TO DO: Down to the last line, reproduce the data that follows, but skip the pictures.

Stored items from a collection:
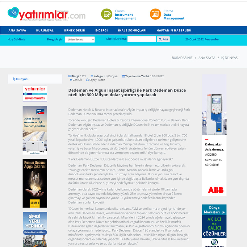 Dedeman ve Algün İnşaat işbirliği ile Park Dedeman Düzce oteli için 300 Milyon dolar yatırım yapılacak Dedeman ve Algün İnşaat işbirliği ile Park Dedeman Düzce oteli için 300 Milyon dolar yatırım yapılacak Dedeman Hotels & Resorts International’ın Algün İnşaat iş birliğiyle hayata geçireceği Park Dedeman Düzce’nin imza töreni gerçekleştirildi. Törende konuşan Dedeman Hotels & Resorts International Yönetim Kurulu Başkanı Banu Dedeman, Algün İnşaat ve Dedeman iş birliğiyle Düzce’nin ilk ve tek markalı otelini hayata geçireceklerini belirtti. Türkiye’nin ilk uluslararası otel zinciri olarak halihazırda 18 otel, 2 bin 800 oda, 5 bin 700 yatak kapasitesi ve 1.000’i aşkın çalışanla, bulundukları bölgelerde turizmin gelişmesine destek olduklarını ifade eden Dedeman, “Sahip olduğumuz tecrübe ve bilgi birikimi, yetişmiş ve başarılı kadromuz, sürdürülebilir stratejimiz ile tüm dünyayı etkileyen salgın döneminde de yatırımlarımıza ara vermeden devam ettik.” diye konuştu.
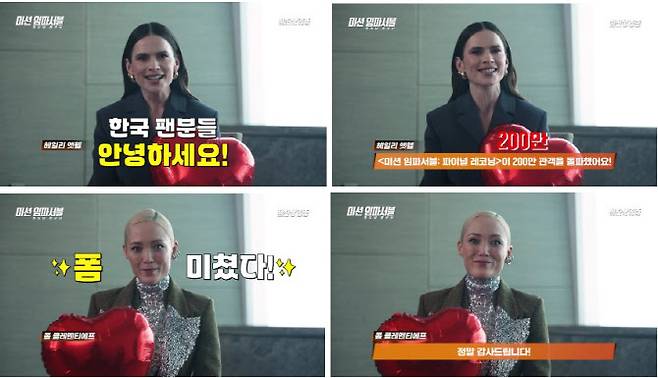 ‘미션 임파서블: 파이널 레코닝’은 인류 전체를 위협하는 절체절명의 위기 속에 내몰린 ‘에단 헌트’(톰 크루즈 분)와 IMF 팀원들이 목숨을 걸고 모든 선택이 향하는 단 하나의 미션에 뛰어드는 액션 블록버스터다. 전 세대 관객들의 뜨거운 입소문에 힘입어 멈추지 않는 흥행 질주를 이어가고 있는 영화 ‘미션 임파서블: 파이널 레코닝’이 개봉 12일째인 28일(수) 200만 관객을 돌파했다. 이는 올해 최고 관객수를 기록 중인 영화 ‘야당’의 17일째 200만 돌파보다 5일 빠른 속도로, ‘미션 임파서블: 파이널 레코닝’이 극장가 최고의 흥행 강자임을 입증한다. 또한 ‘미션 임파서블: 파이널 레코닝’은 개봉 이후 11일 연속 압도적 박스오피스 1위를 유지하며 흥행 독주를 이어가고 있다. 한편, 극 중 새로운 활약을 선보인 두 인물 ‘그레이스’ 역의 헤일리 앳웰과 ‘파리’ 역의 폼 클레멘티에프가 200만 관객 돌파 소식에 대한 감사 인사를 전했다. 헤일리 앳웰은 “한국 팬분들 안녕하세요!”라고 밝은 미소로 인사를 전한 뒤, “‘미션 임파서블: 파이널 레코닝’이 200만 관객을 돌파했어요!”라며 관객들의 뜨거운 관람 열기에 기쁜 마음을 드러냈다. 이어 폼 클레멘티에프는 “폼 미쳤다”라며 자신의 이름을 활용한 한국 유행어로 재치 있는 인사를 전해 팬들의 반가움을 자아낸다.
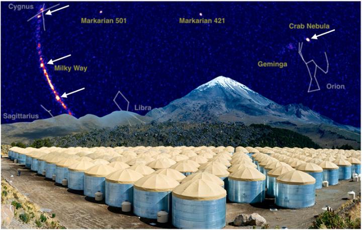 This compound graphic shows a view of the sky in ultra-high energy gamma rays. The arrows indicate the four sources of gamma rays with energies over 100 TeV from within our galaxy (courtesy of the HAWC collaboration) imposed over a photo of the HAWC Observatory's 300 large water tanks. The tanks contain sensitive light detectors that measure showers of particles produced by the gamma rays striking the atmosphere more than 10 miles overhead (courtesy of Jordan Goodman).
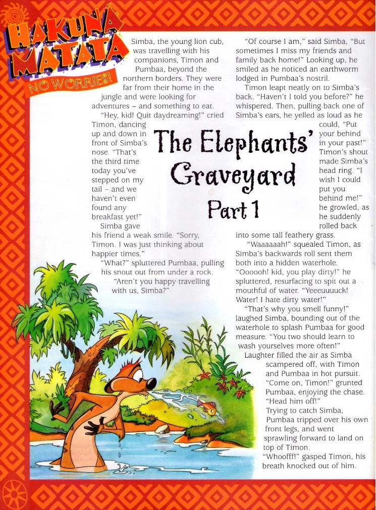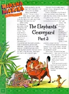 The Elephants' Graveyard is a magazine story inspired by The Lion King. It was published in three issues of The Lion King: A Nature Fun and Learn Series as part of the Hakuna Matata magazine series.
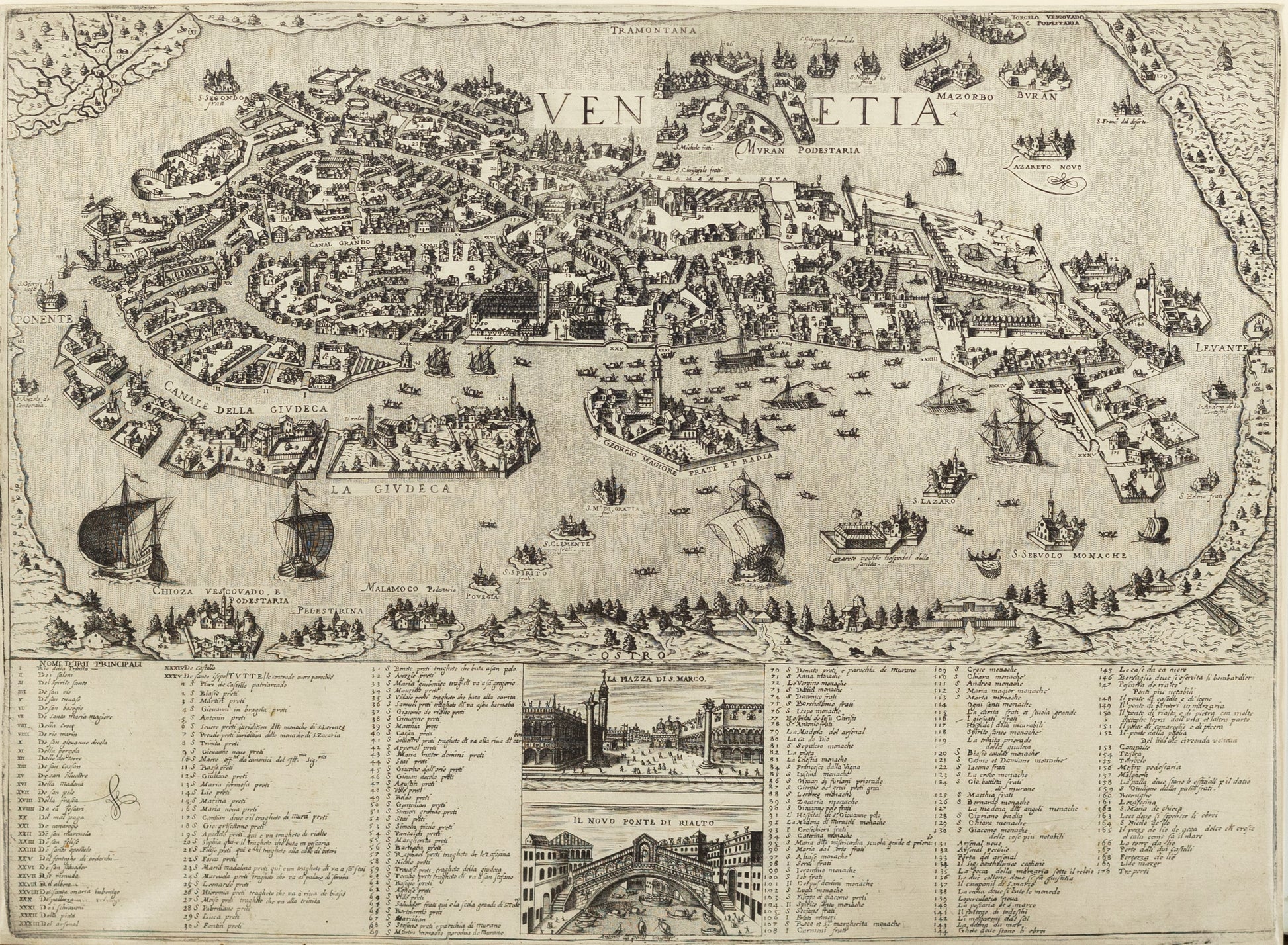 The map is based upon the Bernardo Salvioni (1597) plan of Venice. This gorgeous bird’s-eye view of Venice gives a taste of how this city existed during the seventeenth century. Buildings are shown as well as several traveling vessels including gondolas and ships. Other topographical features are also illustrated.
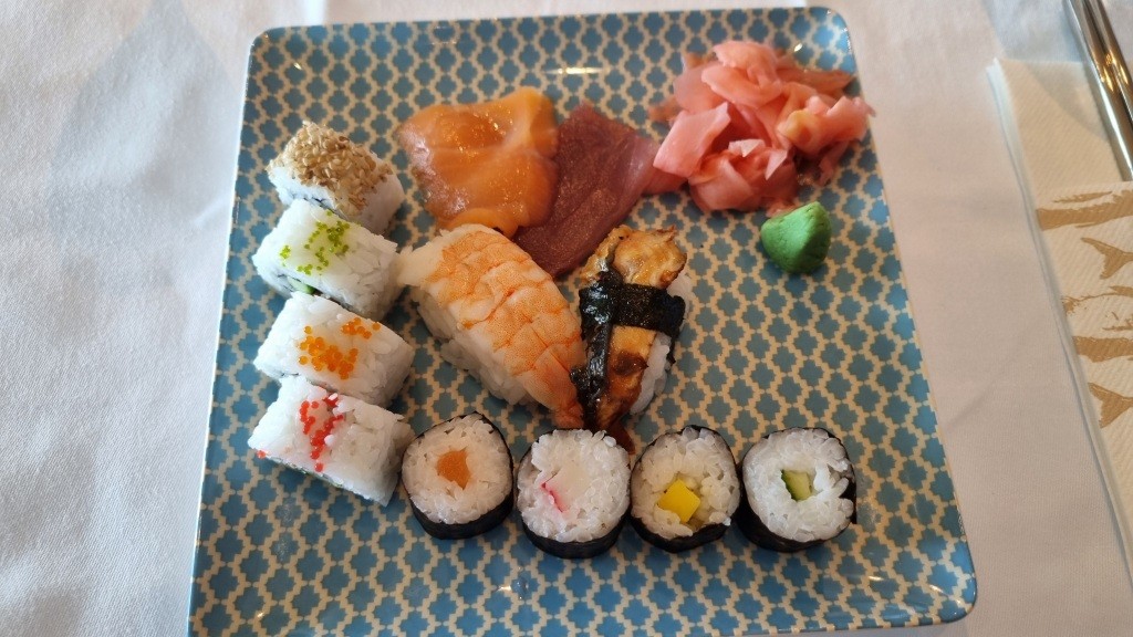 Am Nachmittag drehen wir eine Runde am Sonnendeck und spazieren auf der Jogginstrecke. Am späteren Nachmittag haben wir noch eine Sushi-Verkostung, die sehr lecker ist.
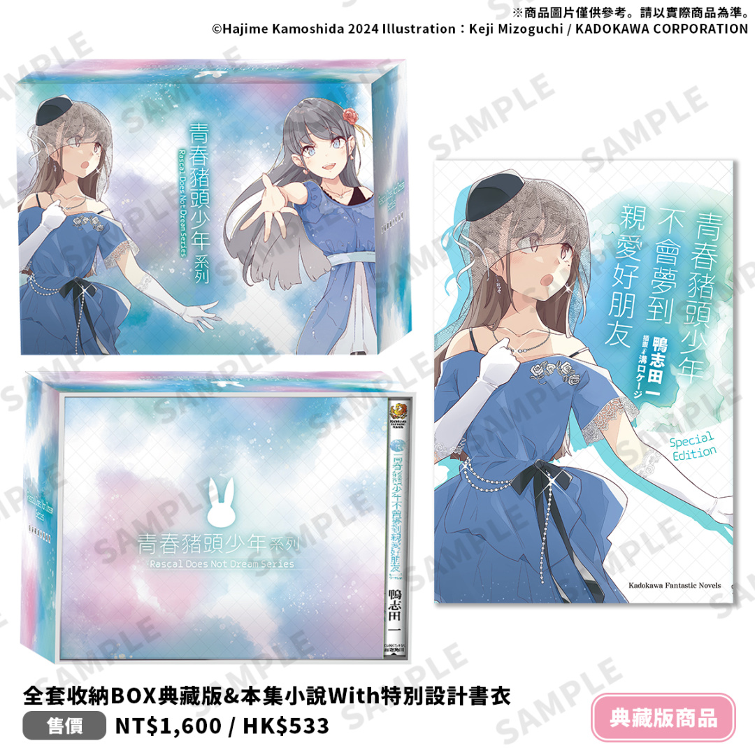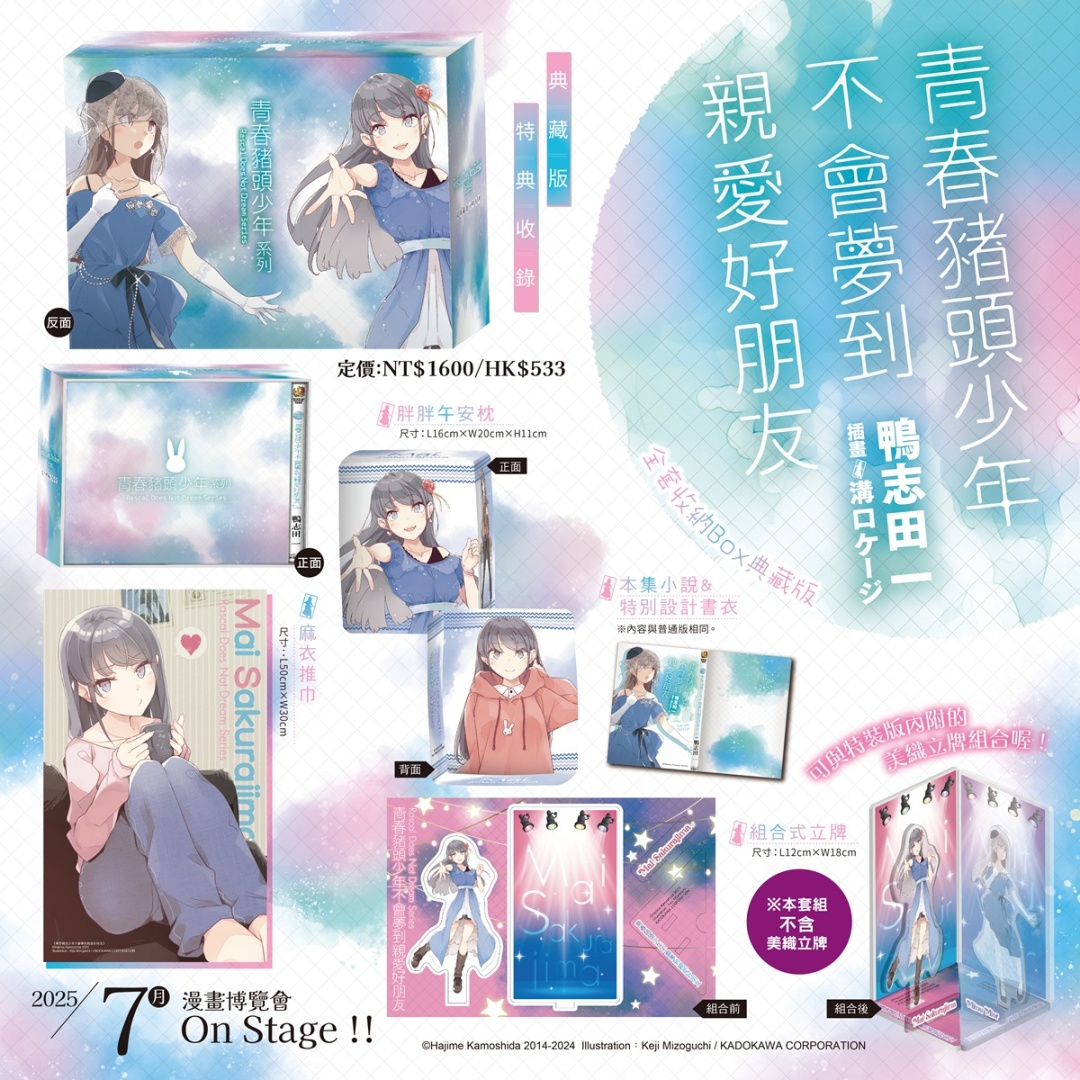 如今,這場有點不可思議的青春物語,終於迎來最終章《青春豬頭少年不會夢到親愛好朋友》,將於 2025 台北漫畫博覽會首賣登場(正式推出時間為 7 月 24 日開賣)!為紀念青春豬頭系列完結,特別推出「全套收納 Box 典藏版」與「特裝版」兩種版本,典藏版僅於台灣角川會場與官網販售,特裝版則將於全通路販售,並於即日起開放特裝版限期事前預購。

EXERCISE RESPONSE:
 Dedeman ve Algün İnşaat işbirliği ile Park Dedeman Düzce oteli için 300 Milyon dolar yatırım yapılacak Dedeman ve Algün İnşaat işbirliği ile Park Dedeman Düzce oteli için 300 Milyon dolar yatırım yapılacak Dedeman Hotels & Resorts International’ın Algün İnşaat iş birliğiyle hayata geçireceği Park Dedeman Düzce’nin imza töreni gerçekleştirildi. Törende konuşan Dedeman Hotels & Resorts International Yönetim Kurulu Başkanı Banu Dedeman, Algün İnşaat ve Dedeman iş birliğiyle Düzce’nin ilk ve tek markalı otelini hayata geçireceklerini belirtti. Türkiye’nin ilk uluslararası otel zinciri olarak halihazırda 18 otel, 2 bin 800 oda, 5 bin 700 yatak kapasitesi ve 1.000’i aşkın çalışanla, bulundukları bölgelerde turizmin gelişmesine destek olduklarını ifade eden Dedeman, “Sahip olduğumuz tecrübe ve bilgi birikimi, yetişmiş ve başarılı kadromuz, sürdürülebilir stratejimiz ile tüm dünyayı etkileyen salgın döneminde de yatırımlarımıza ara vermeden devam ettik.” diye konuştu.
 ‘미션 임파서블: 파이널 레코닝’은 인류 전체를 위협하는 절체절명의 위기 속에 내몰린 ‘에단 헌트’(톰 크루즈 분)와 IMF 팀원들이 목숨을 걸고 모든 선택이 향하는 단 하나의 미션에 뛰어드는 액션 블록버스터다. 전 세대 관객들의 뜨거운 입소문에 힘입어 멈추지 않는 흥행 질주를 이어가고 있는 영화 ‘미션 임파서블: 파이널 레코닝’이 개봉 12일째인 28일(수) 200만 관객을 돌파했다. 이는 올해 최고 관객수를 기록 중인 영화 ‘야당’의 17일째 200만 돌파보다 5일 빠른 속도로, ‘미션 임파서블: 파이널 레코닝’이 극장가 최고의 흥행 강자임을 입증한다. 또한 ‘미션 임파서블: 파이널 레코닝’은 개봉 이후 11일 연속 압도적 박스오피스 1위를 유지하며 흥행 독주를 이어가고 있다. 한편, 극 중 새로운 활약을 선보인 두 인물 ‘그레이스’ 역의 헤일리 앳웰과 ‘파리’ 역의 폼 클레멘티에프가 200만 관객 돌파 소식에 대한 감사 인사를 전했다. 헤일리 앳웰은 “한국 팬분들 안녕하세요!”라고 밝은 미소로 인사를 전한 뒤, “‘미션 임파서블: 파이널 레코닝’이 200만 관객을 돌파했어요!”라며 관객들의 뜨거운 관람 열기에 기쁜 마음을 드러냈다. 이어 폼 클레멘티에프는 “폼 미쳤다”라며 자신의 이름을 활용한 한국 유행어로 재치 있는 인사를 전해 팬들의 반가움을 자아낸다.
 This compound graphic shows a view of the sky in ultra-high energy gamma rays. The arrows indicate the four sources of gamma rays with energies over 100 TeV from within our galaxy (courtesy of the HAWC collaboration) imposed over a photo of the HAWC Observatory's 300 large water tanks. The tanks contain sensitive light detectors that measure showers of particles produced by the gamma rays striking the atmosphere more than 10 miles overhead (courtesy of Jordan Goodman).
 The Elephants' Graveyard is a magazine story inspired by The Lion King. It was published in three issues of The Lion King: A Nature Fun and Learn Series as part of the Hakuna Matata magazine series.
 The map is based upon the Bernardo Salvioni (1597) plan of Venice. This gorgeous bird’s-eye view of Venice gives a taste of how this city existed during the seventeenth century. Buildings are shown as well as several traveling vessels including gondolas and ships. Other topographical features are also illustrated.
 Am Nachmittag drehen wir eine Runde am Sonnendeck und spazieren auf der Jogginstrecke. Am späteren Nachmittag haben wir noch eine Sushi-Verkostung, die sehr lecker ist.
 如今,這場有點不可思議的青春物語,終於迎來最終章《青春豬頭少年不會夢到親愛好朋友》,將於 2025 台北漫畫博覽會首賣登場(正式推出時間為 7 月 24 日開賣)!為紀念青春豬頭系列完結,特別推出「全套收納 Box 典藏版」與「特裝版」兩種版本,典藏版僅於台灣角川會場與官網販售,特裝版則將於全通路販售,並於即日起開放特裝版限期事前預購。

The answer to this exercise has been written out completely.